• WHAT YOU HAVE TO DO
From the first entry to the last, copy everything exactly except the pictures.

Top of SUPPLIED ENTRIES

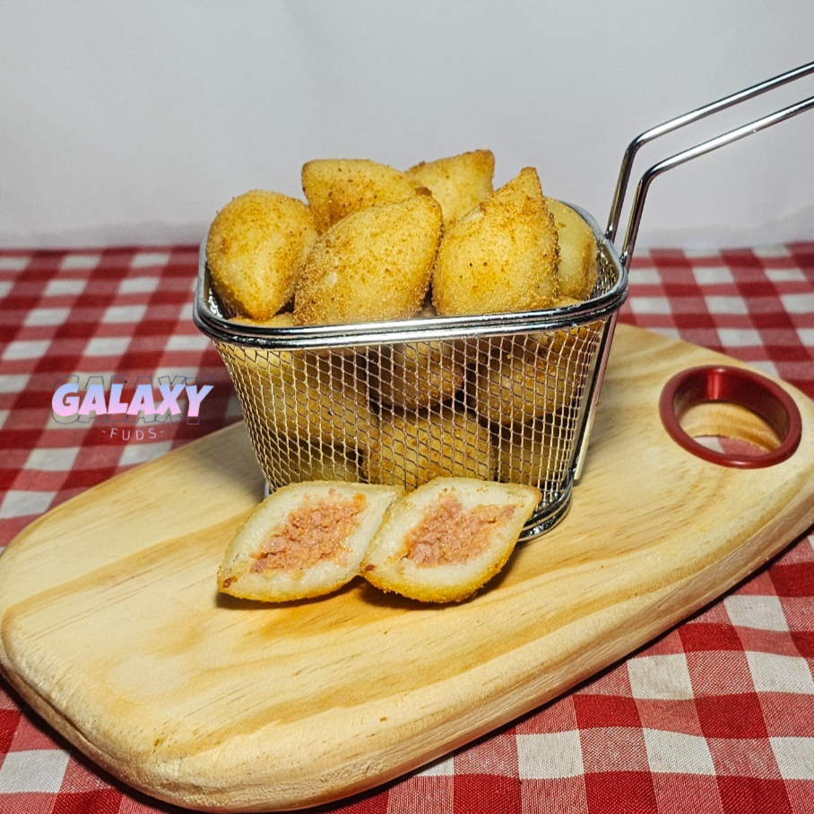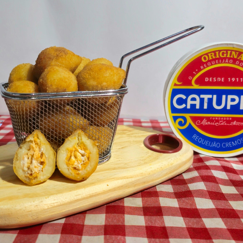 Recheada de peito de frango com Catupiry Original. Massa com caldo de frango artesanal. Sem ovos ou leite. Sem ovos, contém lactose.
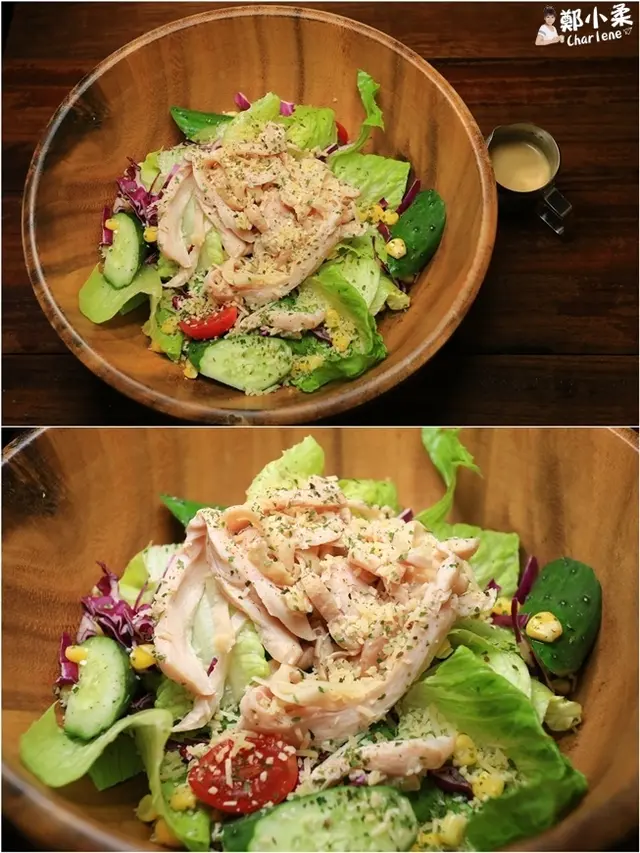 柔軟鮮香的煙燻雞肉提昇了整體滋味的鮮美,醬汁是特製胡麻醬。
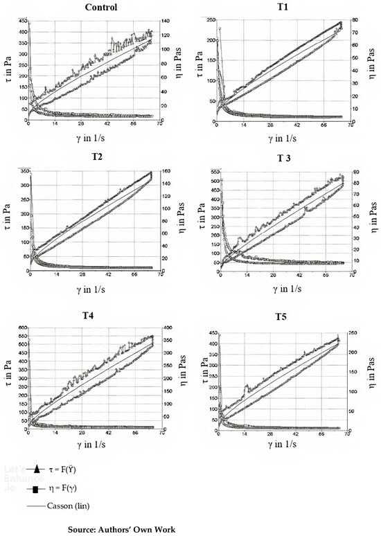As shown in Table 6 and Figure 1, thixotropy varied significantly between formulations (p ≤ 0.05), with values ranging from 2599 × 103 (Pa·s−1) to 7008 × 10−3 (Pa·s−1). Formulations T3, T4, and T5 had higher thixotropy values, suggesting that these formulations possess a more fragile structure and are more prone to viscosity reduction under constant shear stress, a characteristic that may be advantageous in coating and enrobing processes but less desirable in other types of processing, such as high-pressure molding.
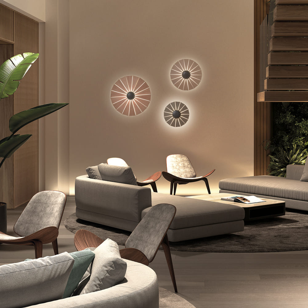 Exo Lighting presenta la familia de apliques de pared EYE. Están fabricados en madera y cuenta con tecnología LED SMD. Disponible en tres tamaños: S de 42cm de diámetro, M de 62cm y L de 82cm. Sus acabados: madera clara, madera oscura o madera natural. Ideales para crear un ambiente cálido y moderno en espacios interiores como salones, hoteles, residenciales, recepciones, etc.
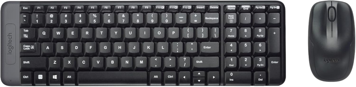 El combo inalámbrico Logitech MK220 incluye teclado de tamaño completo con teclas estándar en color negro y mouse óptico con 3 botones y resolución de 1000 DPI. Ambos dispositivos usan tecnología de conectividad inalámbrica de 2.4 GHz con un alcance de hasta 10 metros, ofreciendo libertad de movimiento sin retraso ni interrupciones.
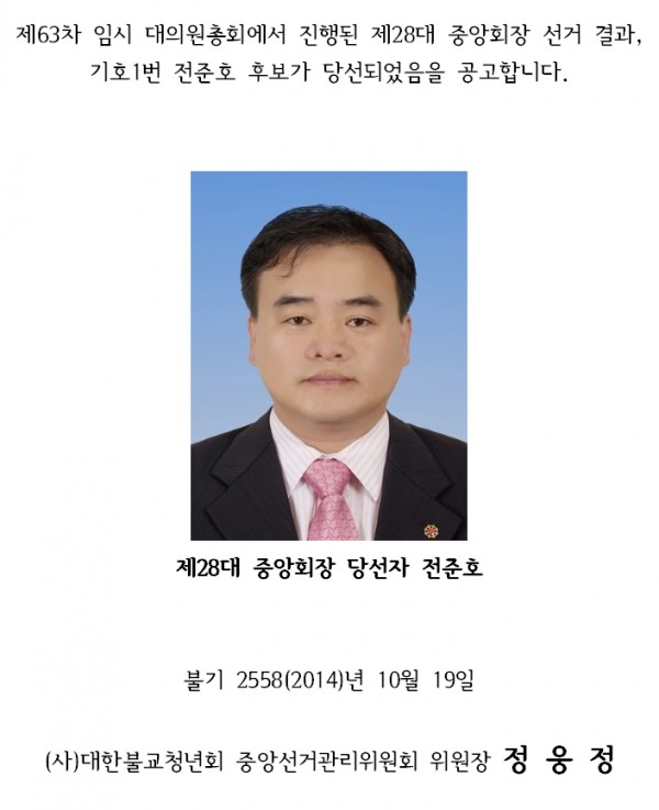 [공고] 제28대 중앙회장 당선 공고 페이지 정보 작성자 선거관리위원회 작성일14-10-19 15:46 조회4,952회 댓글0건 본문 . 댓글목록 등록된 댓글이 없습니다. 이전글 다음글 목록
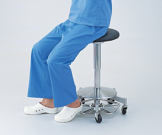 ●手を使わずにペダル操作で容易に昇降●リングペダルでどの位置からでも足で昇降ができます。●長時間の作業が楽に、また昇降操作を円滑に行える円形フットレストを装備しています。 ●座面は抗菌防汚レザーを使用しています。●幅×奥行×高さ(mm):495×495×530~710●材質:フレーム/スチールメッキ、座面/ポリウレタン(レザー張)●座面サイズ:φ350mm●フットスペース:φ330mm●キャスター:φ65mm●重量:8.5kg●型番:NOC-02

Bottom of SUPPLIED ENTRIES

• SOLUTION TO THE PROBLEM
 Recheada de peito de frango com Catupiry Original. Massa com caldo de frango artesanal. Sem ovos ou leite. Sem ovos, contém lactose.
 柔軟鮮香的煙燻雞肉提昇了整體滋味的鮮美,醬汁是特製胡麻醬。
As shown in Table 6 and Figure 1, thixotropy varied significantly between formulations (p ≤ 0.05), with values ranging from 2599 × 103 (Pa·s−1) to 7008 × 10−3 (Pa·s−1). Formulations T3, T4, and T5 had higher thixotropy values, suggesting that these formulations possess a more fragile structure and are more prone to viscosity reduction under constant shear stress, a characteristic that may be advantageous in coating and enrobing processes but less desirable in other types of processing, such as high-pressure molding.
 Exo Lighting presenta la familia de apliques de pared EYE. Están fabricados en madera y cuenta con tecnología LED SMD. Disponible en tres tamaños: S de 42cm de diámetro, M de 62cm y L de 82cm. Sus acabados: madera clara, madera oscura o madera natural. Ideales para crear un ambiente cálido y moderno en espacios interiores como salones, hoteles, residenciales, recepciones, etc.
 El combo inalámbrico Logitech MK220 incluye teclado de tamaño completo con teclas estándar en color negro y mouse óptico con 3 botones y resolución de 1000 DPI. Ambos dispositivos usan tecnología de conectividad inalámbrica de 2.4 GHz con un alcance de hasta 10 metros, ofreciendo libertad de movimiento sin retraso ni interrupciones.
 [공고] 제28대 중앙회장 당선 공고 페이지 정보 작성자 선거관리위원회 작성일14-10-19 15:46 조회4,952회 댓글0건 본문 . 댓글목록 등록된 댓글이 없습니다. 이전글 다음글 목록
 ●手を使わずにペダル操作で容易に昇降●リングペダルでどの位置からでも足で昇降ができます。●長時間の作業が楽に、また昇降操作を円滑に行える円形フットレストを装備しています。 ●座面は抗菌防汚レザーを使用しています。●幅×奥行×高さ(mm):495×495×530~710●材質:フレーム/スチールメッキ、座面/ポリウレタン(レザー張)●座面サイズ:φ350mm●フットスペース:φ330mm●キャスター:φ65mm●重量:8.5kg●型番:NOC-02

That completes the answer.